__Your objective__. If you see a picture in the data below, omit it and copy the rest exactly.

__Information provided__.
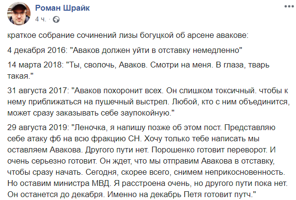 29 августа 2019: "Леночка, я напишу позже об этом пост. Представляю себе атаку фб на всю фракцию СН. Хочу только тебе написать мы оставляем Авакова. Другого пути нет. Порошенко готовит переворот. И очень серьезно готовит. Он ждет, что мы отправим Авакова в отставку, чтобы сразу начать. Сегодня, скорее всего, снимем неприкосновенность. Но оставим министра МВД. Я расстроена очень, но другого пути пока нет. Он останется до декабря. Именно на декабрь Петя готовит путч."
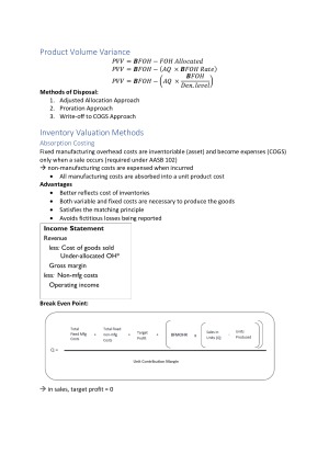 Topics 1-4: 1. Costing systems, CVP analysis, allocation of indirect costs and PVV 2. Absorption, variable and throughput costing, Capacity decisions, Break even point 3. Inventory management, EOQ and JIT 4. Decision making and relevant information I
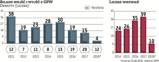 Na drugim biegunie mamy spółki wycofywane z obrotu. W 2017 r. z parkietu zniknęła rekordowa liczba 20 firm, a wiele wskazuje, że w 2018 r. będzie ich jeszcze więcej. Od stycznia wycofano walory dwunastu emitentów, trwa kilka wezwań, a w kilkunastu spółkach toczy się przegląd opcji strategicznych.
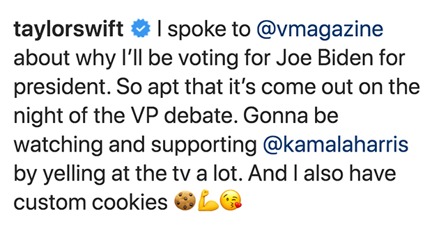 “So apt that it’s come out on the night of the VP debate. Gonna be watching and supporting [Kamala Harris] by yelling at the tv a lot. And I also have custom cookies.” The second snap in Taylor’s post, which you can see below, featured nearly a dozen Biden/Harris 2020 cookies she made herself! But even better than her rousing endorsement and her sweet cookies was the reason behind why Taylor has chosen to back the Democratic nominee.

__Reply to the task__.
 29 августа 2019: "Леночка, я напишу позже об этом пост. Представляю себе атаку фб на всю фракцию СН. Хочу только тебе написать мы оставляем Авакова. Другого пути нет. Порошенко готовит переворот. И очень серьезно готовит. Он ждет, что мы отправим Авакова в отставку, чтобы сразу начать. Сегодня, скорее всего, снимем неприкосновенность. Но оставим министра МВД. Я расстроена очень, но другого пути пока нет. Он останется до декабря. Именно на декабрь Петя готовит путч."
 Topics 1-4: 1. Costing systems, CVP analysis, allocation of indirect costs and PVV 2. Absorption, variable and throughput costing, Capacity decisions, Break even point 3. Inventory management, EOQ and JIT 4. Decision making and relevant information I
 Na drugim biegunie mamy spółki wycofywane z obrotu. W 2017 r. z parkietu zniknęła rekordowa liczba 20 firm, a wiele wskazuje, że w 2018 r. będzie ich jeszcze więcej. Od stycznia wycofano walory dwunastu emitentów, trwa kilka wezwań, a w kilkunastu spółkach toczy się przegląd opcji strategicznych.
 “So apt that it’s come out on the night of the VP debate. Gonna be watching and supporting [Kamala Harris] by yelling at the tv a lot. And I also have custom cookies.” The second snap in Taylor’s post, which you can see below, featured nearly a dozen Biden/Harris 2020 cookies she made herself! But even better than her rousing endorsement and her sweet cookies was the reason behind why Taylor has chosen to back the Democratic nominee.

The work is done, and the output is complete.